Jugendbefragung: Gespräche zwischen Vätern und Jugendlichen stärken die Beziehung

Wie viel Zeit verbringt ihr mit euren Vätern? Statistisch gesehen betreuen Männer ihre Kinder durchschnittlich 1,5 Stunden am Tag - nur halb so lange wie Mütter für sie da sind. Eine Studie zeigt aber jetzt, dass mit zunehmendem Alter der Kinder die Bedeutung der Väter für sie wächst. „Gerade in der Jugendphase werden sie für Gespräche, Orientierung und emotionale Unterstützung besonders wichtig“, erläutert Dr. Claudia Zerle-Elsäßer. Die Soziologin hat mit ihrem Team am Deutschen Jugendinstitut (DJI) in München zu der Bedeutung von Vätern von 12- bis 17-Jährigen geforscht. „Gegenüber ihren Teenagern müssen Eltern eine neue Balance finden: Jugendliche wünschen sich mehr Autonomie, brauchen aber weiterhin emotionale Unterstützung und Orientierung. Väter spielen dabei eine wichtige Rolle.“

Die Beziehung zum Vater wird laut der Studie besser bewertet, wenn häufig gemeinsame Gespräche stattfinden: 67 Prozent der Kinder, deren Vater „sehr viel“ mit ihnen kommuniziert, nannten die Beziehung zu ihm „sehr gut“. Zum Vergleich: Jungen und Mädchen, deren Papas sich selten mit ihnen unterhalten gaben nur zu 20 Prozent die Bestnote. „Spannend war es zu sehen, dass das langfristig in noch stärkerem Maß für heute junge Erwachsene gilt, wenn sie sich an ihre Kindheit zurückerinnern“, so Forscher Thomas Eichhorn. „Bei ihnen steigt der Wert der ‚sehr guten‘ Beziehungsqualität auf 82 Prozent.“ Die Zahl schrumpft auf 7 Prozent, wenn das männliche Elternteil nicht gesprächsoffen war.

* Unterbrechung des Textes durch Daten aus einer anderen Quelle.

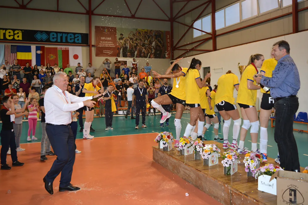 FOTO | CS Alba Blaj a declanșat fiesta la finalul meciului cu Dinamo. Echipa de volei feminin a câștigat al treilea titlu consecutiv de campioană

Untersucht haben die Forschenden auch, wie sich gefühlsbetonte Wärme im Umgang auswirkt. Auch hier belegen die Zahlen: Emotional offenes, positives Erziehungsverhalten verbinden Kinder mit einer höheren Bedeutung ihres Vaters.

Weniger Beruf und mehr Familie

Männer, die Familie vor den Beruf stellen: Das kommt bei den befragten Jugendlichen gut an. „Väter, die ihre Familie sichtbar priorisieren, werden von ihren Kindern als besonders wichtige Bezugspersonen wahrgenommen“, sagt Dr. Claudia Zerle-Elsäßer. 82 Prozent der 12- bis 17-Jährigen, deren Väter die Idee gut fanden, zumindest bis zum Schuleintritt der Kinder beruflich kürzer zu treten, berichten von einer „sehr guten“ Beziehungsqualität zu ihren Vätern. DJI-Forscherin Zerle-Elsäßer fasst zusammen: „Engagierte Vaterschaft lohnt sich.“

An dem nun vorgelegten Zwischenbericht forschte seit April 2025 ein Team des DJI unter Leitung von Dr. Claudia Zerle-Elsäßer. Basis bildete die Analyse repräsentativer Datensätze der Jahre 2009 bis 2023, mit der die Wissenschaftler:innen die Rolle von Vätern in Deutschland in der frühen Jugendphase ihrer Kinder beleuchten.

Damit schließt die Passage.